Beethovens Familiengeheimnis

Insgesamt führte das Team Authentifizierungstests an acht Haarproben durch, die aus öffentlichen und privaten Sammlungen im Vereinigten Königreich, in Kontinentaleuropa und den USA stammen. Dabei entdeckten die Forschenden, dass mindestens zwei der Haarlocken nicht von Beethoven stammten, darunter eine berühmte Locke, die der damals 15-jährige Musiker Ferdinand Hiller vom Kopf des gerade verstorbenen Komponisten abgeschnitten haben soll. Frühere Analysen der »Hiller-Locke« unterstützten die Vermutung, dass Beethoven an einer Bleivergiftung litt, die zu seinen gesundheitlichen Beschwerden, einschließlich seines Hörverlusts, beigetragen haben könnte. Doch die besagte Locke stammt von einer Frau, wie die Analysen zeigen. Beethovens gesamtes Genom wurde anhand einer Probe der »Stumpff-Locke« aus einer Sammlung von Kevin Brown sequenziert, einem Mitglied der American Beethoven Society. Sie war die am besten erhaltene Probe.

Beethovens Haar | MIt Hilfe der »Stumpff-Locke« ist es den Forschenden gelungen, Beethovens gesamtes Genom zu sequenzieren und es unter anderem auf genetische Marker zu untersuchen, die mit bestimmten Krankheiten assoziiert sind.

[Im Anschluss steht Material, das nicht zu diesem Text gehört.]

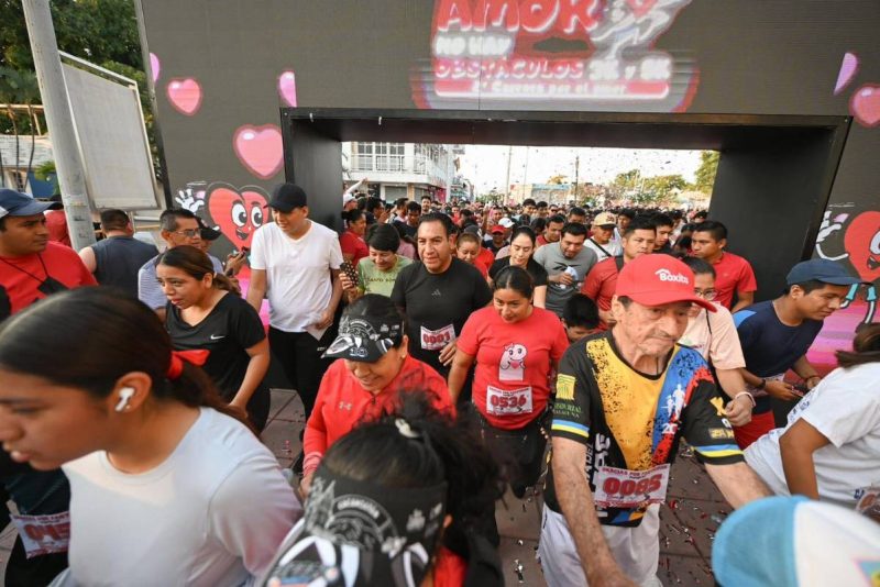TAPACHULA, Chiapas, 14 de febrero de 2026.- En un ambiente de alegría y fraternidad, el gobernador Eduardo Ramírez Aguilar, acompañado por su familia, participó en la segunda edición de la carrera con causa “Para el amor no hay obstáculos”, realizada en el municipio de Tapachula. Al concluir el recorrido, el mandatario felicitó a Yazmín Ramírez y a las y los jóvenes que hicieron posible la actividad, y reconoció su dedicación y compromiso en la organización del evento deportivo. Destacó que este tipo de iniciativas no solo impulsan el deporte y la sana recreación, sino que también fomentan la participación social, fortalecen la unidad y promueven el amor al prójimo.

Das Team analysierte zudem das Erbgut von lebenden Verwandten Beethovens in Belgien, konnte aber bei keinem von ihnen eine Übereinstimmung mit dem Erbgut des Komponisten finden. Einige von ihnen haben laut genealogischen Studien einen gemeinsamen väterlichen Vorfahren mit Beethoven aus den späten 1500er und frühen 1600er Jahren, doch ihr Y-chromosomales Erbgut stimmte nicht mit dem Y-Chromosom überein, das in den Haarlocken Beethovens gefunden wurde. Das Forschungsteam kam zu dem Schluss, dass dies wahrscheinlich das Ergebnis von mindestens einem außerehelichen Ereignis, ein Kind aus einer außerehelichen Beziehung, in Beethovens direkter väterlicher Linie war. »Durch die Kombination von DNA-Daten und Archivdokumenten konnten wir eine Diskrepanz zwischen Ludwig van Beethovens rechtlicher und biologischer Genealogie feststellen«, sagt der Genealoge Maarten Larmuseau von der KU Leuven.

Die Studie legt nahe, dass dieses Ereignis in der direkten väterlichen Linie zwischen der Zeugung von Hendrik van Beethoven in Kampenhout, Belgien, um 1572, und der Zeugung von Ludwig van Beethoven sieben Generationen später, 1770, in Bonn, stattgefunden hat. Obwohl zuvor Zweifel an der Vaterschaft von Beethovens Vater geäußert worden waren, weil es keinen Taufeintrag gab, konnten die Forschenden nicht feststellen, in welcher Generation dieses Ereignis stattfand. Doch womöglich ist Ludwig van Beethoven gar kein van Beethoven.